4 basic UX design books

We, at dsgnrs, care to find new books that inspire us. That help us on our daily lives. This is ever more true when those books were written by top designers. We just love to know how they work, which tools they use and their personal tricks!

We can’t stop learning about design: from the basics to the latest trend or methodology. Be it on sketching, Service Design, Design Research… You name it!

This is a list of our favorites, but don’t hesitate to tell us yours.

1. Change by Design.

So, this is THE BOOK. If you could only read one book, this is it. This book will become the stepping stone on your path to think like a designer. We make sure we read it once every year. And we recommend it to everyone who wants to start a career in design. By the way, the author, Tim Brown, is a leading figure in the field. You should just follow him.

This book introduces the idea of design thinking‚ the collaborative process by which the designer′s sensibilities and methods are employed to match people′s needs not only with what is technically feasible and a viable business strategy. In short‚ design thinking converts need into demand. It′s a human−centered approach to problem solving that helps people and organizations become more innovative and more creative.


2. This is Service Design Thinking.

Do you want to broad your thinking? Do you want to shed some light on what Service Design is? Do you want to discover the tools that Service Design will give you and how to use them? You got it covered with this book. Bonus point: it was written by the best service designers from different companies all over the world teaming together to create this great piece.

  • Basics: outlines service design thinking along five basic principles
  • Tools: describing a variety of tools and methods used in Service Design Thinking
  • Cases: vivid examples for the introduced fundamentals with real-life case studies from 5 companies that did inspiring projects within the field of Service Design.

3. Usability Testing Essentials: ready, set… test!

This book will equip you with the main tools and techniques that are required to kickoff your usability tests. Later on it will give you more in-depth knowledge on the subject too.

Provides a comprehensive, step-by-step guide to usability testing, a crucial part of every product’s development.

  • The fully updated four-color edition now features important usability issues such as international testing, persona creation, remote testing, and accessibility.
  • Follow-up to Usability Testing and Research.

Designing for the digital age.

This is a massive book. Both physically and in terms of quality. Content-wise is great, it covers every area you can imagine. Is your go-to book whenever you have any doubt or question. It will give you back inspiration and answers to: What can I expect after running an ethnography study? How can I…? How should I run this workshop?…. This book will become your best design-buddy.
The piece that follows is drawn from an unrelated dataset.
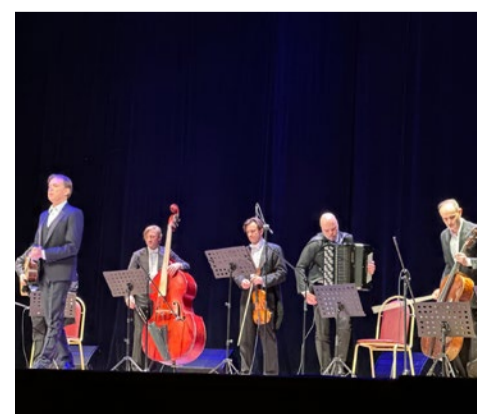
Досуговые и праздничные мероприятия для жителей округа

Topics include assembling a design team, planning and conducting user research, analyzing your data and turning it into personas, using scenarios to drive requirements definition and design, collaborating in design meetings, evaluating and iterating your design, and documenting finished design in a way that works for engineers and stakeholders alike.


The back of the napkin.

Ever felt like you’re not making yourself clear? Do you feel like your words don’t express what you’re thinking? You know what they say: a picture is worth a thousand words.

This book comprehends explanations, exercises and visual concepts that will show you how to convey your messages in a visual way. Get ready to grab your sharpie and start drawing!

“There is no more powerful way to prove that we know something well than to draw a simple picture of it. And there is no more powerful way to see hidden solutions than to pick up a pen and draw out the pieces of our problem.”


What books do you consider a must? What books have inspired you the most? Do you have any books you would recommend to a newbie in design? How about for a more senior designer?